┌─ Recorded information

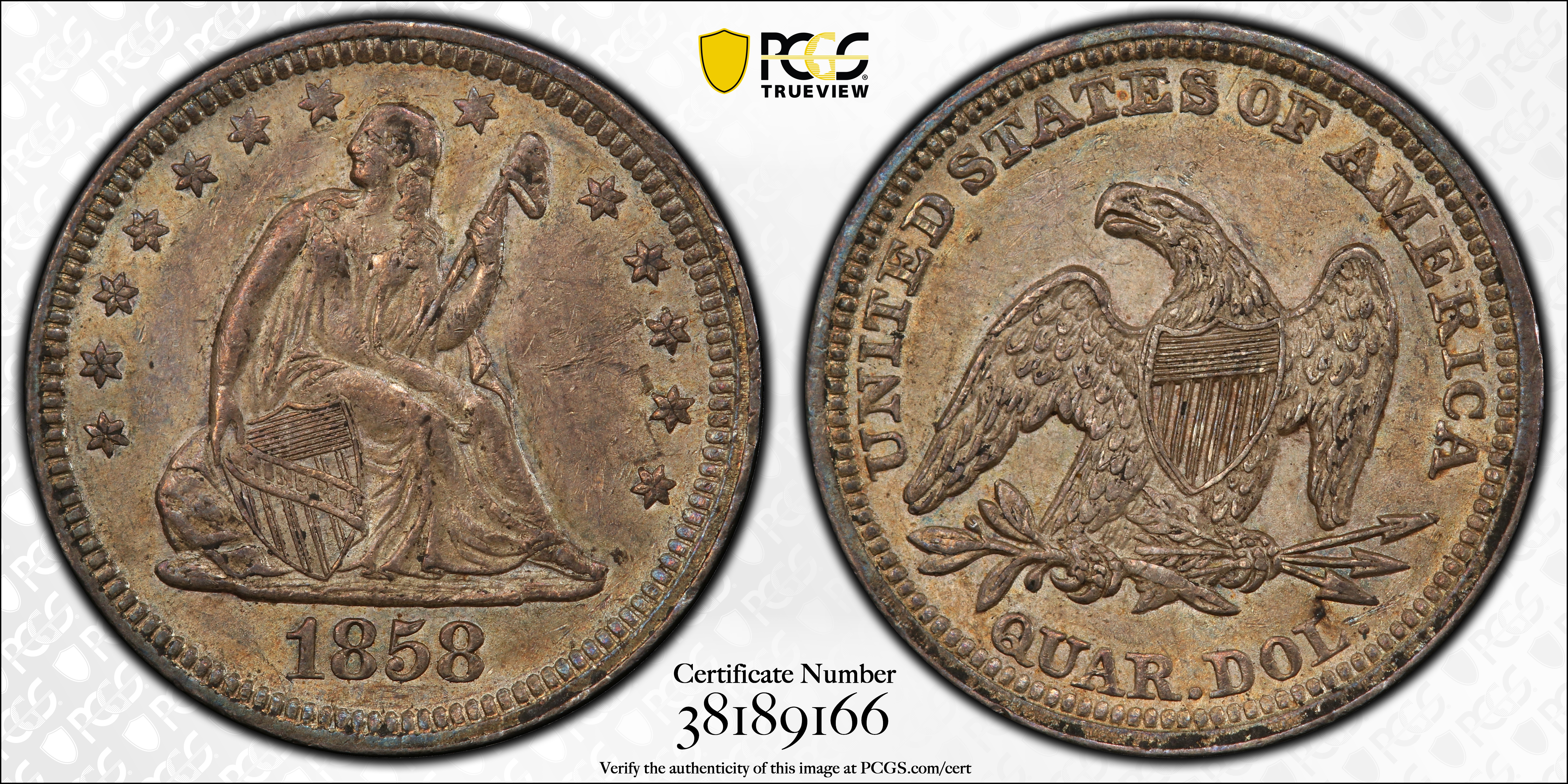 1858 25C AU55 Certification #38189166, PCGS #5445
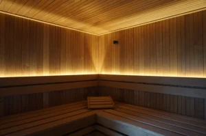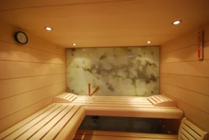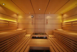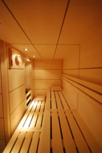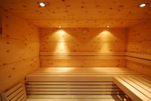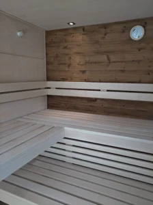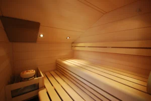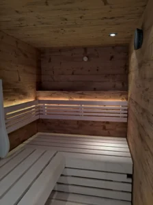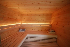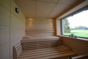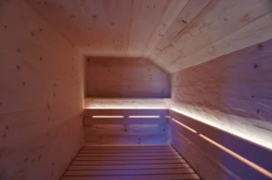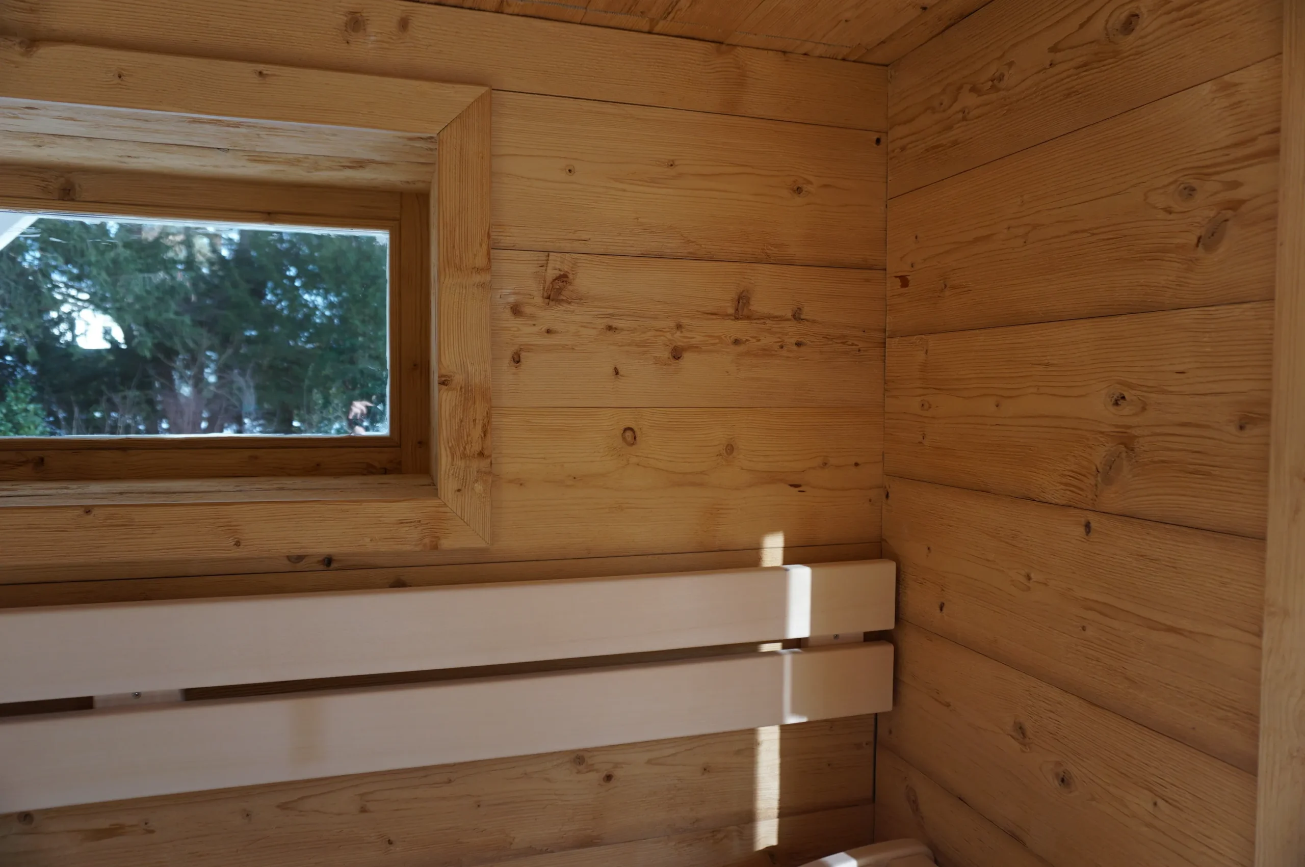 „Raum aus Holz“ ist die wörtliche Übersetzung aus dem Finnischen für das Wort SAUNA. Das einzigartig unverwechselbare Klima in einer Saunakabine entsteht durch die hohe Speicherfähigkeit von Wärme in den Wänden aus Holz.
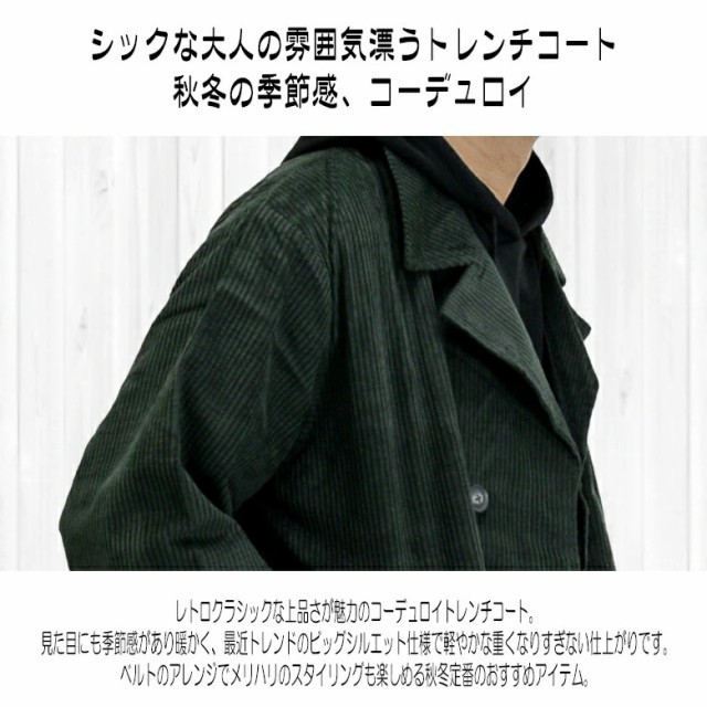 コーデュロイの暖かみのある素材が季節感あふれるオーバーサイズトレンチコート。
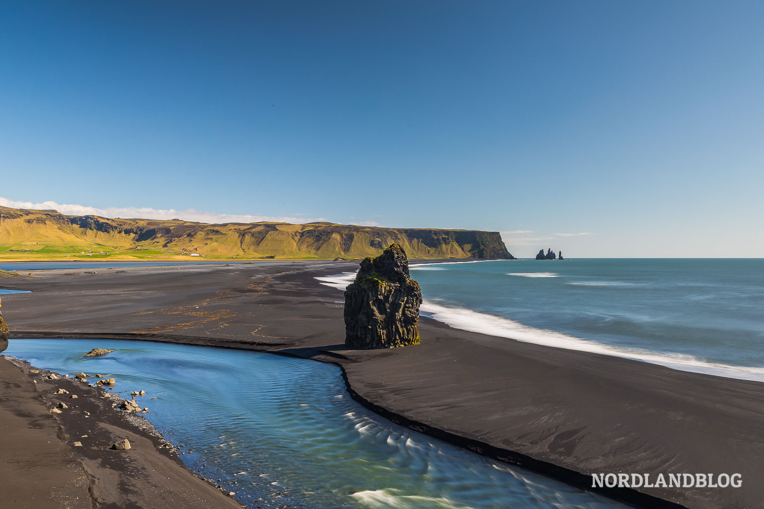 [su_panel background=”#444e58″ color=”#ffffff” border=”1px solid #ffffff” shadow=”0px 0px 0px #eeeeee” text_align=”center” url=”https://www.nordlandblog.de/wohnmobil-stellplatz-island-campingplatz-in-vik-i-myrdal/”][su_icon_text color=”#ffffff” icon=”icon: search-plus” icon_color=”#a6e4ff” icon_size=”20″]Klicke hier für alle weiteren Informationen / Fakten / Bilder und die detaillierte Landkarte von diesem Wohnmobil-Stellplatz[/su_icon_text][/su_panel]Am nächsten Morgen gehen wir noch in den großen Krónan Supermarkt im Ort, um vielleicht die ein oder andere Delikatesse zum günstigen Preis zu erwerben – was beim allgemeinen Preisniveau in Island eine echte, aber auch lohnenswerte Herausforderung ist. Dermaßen erfolgreich auf- und ausgerüstet, machen wir uns wenig später auf den Weg, um die Attraktionen in der Umgebung zu erkunden. Einen ersten Blick auf die weltweit populären Felssäulen Reynisdrangar, die hier an der Küste seit Urzeiten den Gewalten trotzen, konnten wir bereits vom Strand in Vik genießen. Heute möchten wir diese bizarren Formationen vom populären Strand Reynisfjara Beach auf der anderen Seite der Berge betrachten.

└─

• [Task statement]: Word for word, output the whole listing, but not its pictures.

• [Output for this task]:
 1858 25C AU55 Certification #38189166, PCGS #5445
 „Raum aus Holz“ ist die wörtliche Übersetzung aus dem Finnischen für das Wort SAUNA. Das einzigartig unverwechselbare Klima in einer Saunakabine entsteht durch die hohe Speicherfähigkeit von Wärme in den Wänden aus Holz.
 コーデュロイの暖かみのある素材が季節感あふれるオーバーサイズトレンチコート。
 [su_panel background=”#444e58″ color=”#ffffff” border=”1px solid #ffffff” shadow=”0px 0px 0px #eeeeee” text_align=”center” url=”https://www.nordlandblog.de/wohnmobil-stellplatz-island-campingplatz-in-vik-i-myrdal/”][su_icon_text color=”#ffffff” icon=”icon: search-plus” icon_color=”#a6e4ff” icon_size=”20″]Klicke hier für alle weiteren Informationen / Fakten / Bilder und die detaillierte Landkarte von diesem Wohnmobil-Stellplatz[/su_icon_text][/su_panel]Am nächsten Morgen gehen wir noch in den großen Krónan Supermarkt im Ort, um vielleicht die ein oder andere Delikatesse zum günstigen Preis zu erwerben – was beim allgemeinen Preisniveau in Island eine echte, aber auch lohnenswerte Herausforderung ist. Dermaßen erfolgreich auf- und ausgerüstet, machen wir uns wenig später auf den Weg, um die Attraktionen in der Umgebung zu erkunden. Einen ersten Blick auf die weltweit populären Felssäulen Reynisdrangar, die hier an der Küste seit Urzeiten den Gewalten trotzen, konnten wir bereits vom Strand in Vik genießen. Heute möchten wir diese bizarren Formationen vom populären Strand Reynisfjara Beach auf der anderen Seite der Berge betrachten.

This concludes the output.